I don’t think I have anything particularly novel to say about Tim Hensely’s WALLY GROPIUS– if you read Blog Flume or Comics Comics, as I imagine you must, I wouldn’t suggest to you that I have much to add to what those fine gentlemen have already deduced.  My Mickey-Mouse “WALLY GROPIUS for Idiots” reading of the book offered below is probably more for my benefit, as a way for me to find a way to have that book stop nagging at the back of my head. As a value-adding proposition for you…?  I can’t make much by way of promises.  With that caveat: essay, ahoy.

Also: SPOILERS.  For reals.  Though– look, if you haven’t read WALLY GROPIUS, this isn’t a “Why You Should Buy It” piece so much as me babbling incoherently about the book after having read it and let it fester for a few weeks.  So, yeah: this one maybe isn’t for you, and by you, I mean the entire internet, basically.  Basically.


One of the poorer ideas I’ve ever had– and one reason I don’t believe kids or possibly even young adults should indulge in any kind of “fun”, of any kind but especially of any sort of chemical variety– was my decision to temporarily loose my grip on a sober view of reality prior to the 2008 Superbowl.
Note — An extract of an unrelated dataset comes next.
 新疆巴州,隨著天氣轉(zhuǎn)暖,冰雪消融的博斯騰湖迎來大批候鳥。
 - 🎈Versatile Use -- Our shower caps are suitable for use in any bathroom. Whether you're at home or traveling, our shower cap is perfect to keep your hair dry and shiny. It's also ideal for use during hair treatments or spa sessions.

The 2008 Superbowl was broadcast by the FOX Network, and prior to the broadcast, rather than talk about football or sell beer or exploit women, or make you feel sorrow about your favorite classic Rock musicians (i.e. what you’d expect from a Superbowl telecast), FOX instead opened with what for me was a surprise: an out-of-fuck-nowhere recreation of the signing and intensely solemn recitation of the Declaration of Independence.
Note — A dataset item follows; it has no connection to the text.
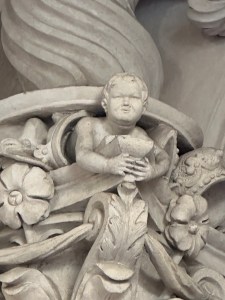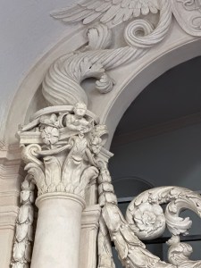 A laurel and flower festoon is draped between the capitals, which, together with the upper ornamentation creates an oval shape reminiscent of his work at San Carlo alle Quattro Fontane and elsewhere. The decoration is weird, unexpected, untraditional, and tremendous.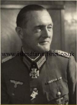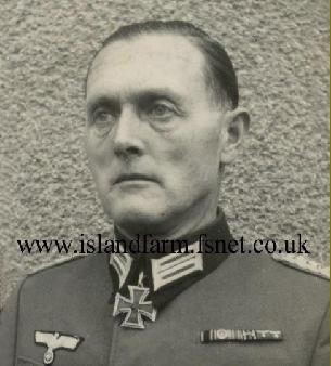 Note that Schönfeld is wearing his Knight’s Cross of the Iron Cross reversed to display the date “1813” (institution of the original Iron Cross series of decorations). Following the surrender of Germany, the Allies required all German prisoners of war to remove any badge or decoration that displayed the swastika. Hence, Schönfeld has simply reversed his decoration to conceal the offending symbol and the date “1939” found on the obverse.

When you’re sober, you experience the world as a place that makes sense.  But that world is a lie– none of that is true.  Your brain is forced to lie to itself constantly, because it’s busy processing data, winnowing memories, coordinating your autonomic nervous system, supervising synaptic doo-dads and whats-its– it does not have time to sit around while you freak the fuck out about the world. Because the world is not that place– the world does not make a lick of fucking sense.  The world is a place where Don Shula will come onto your television and recite a centuries-old communication between men in powdered wigs and some long-dead King (which communication if anything represents an indictment of U.S. foreign policy circa 2003-present), in a production guest-starring the widow of a soldier murdered by friendly fire; Don Shula will do that unannounced, at fucking random, without any warning, prior to a four/five/six-hour mega-event in which the entire country unites to watch unbelievably large men who’ve spent their lives perfecting the art of running directly into each other, skull first, as violently as is humanly possible.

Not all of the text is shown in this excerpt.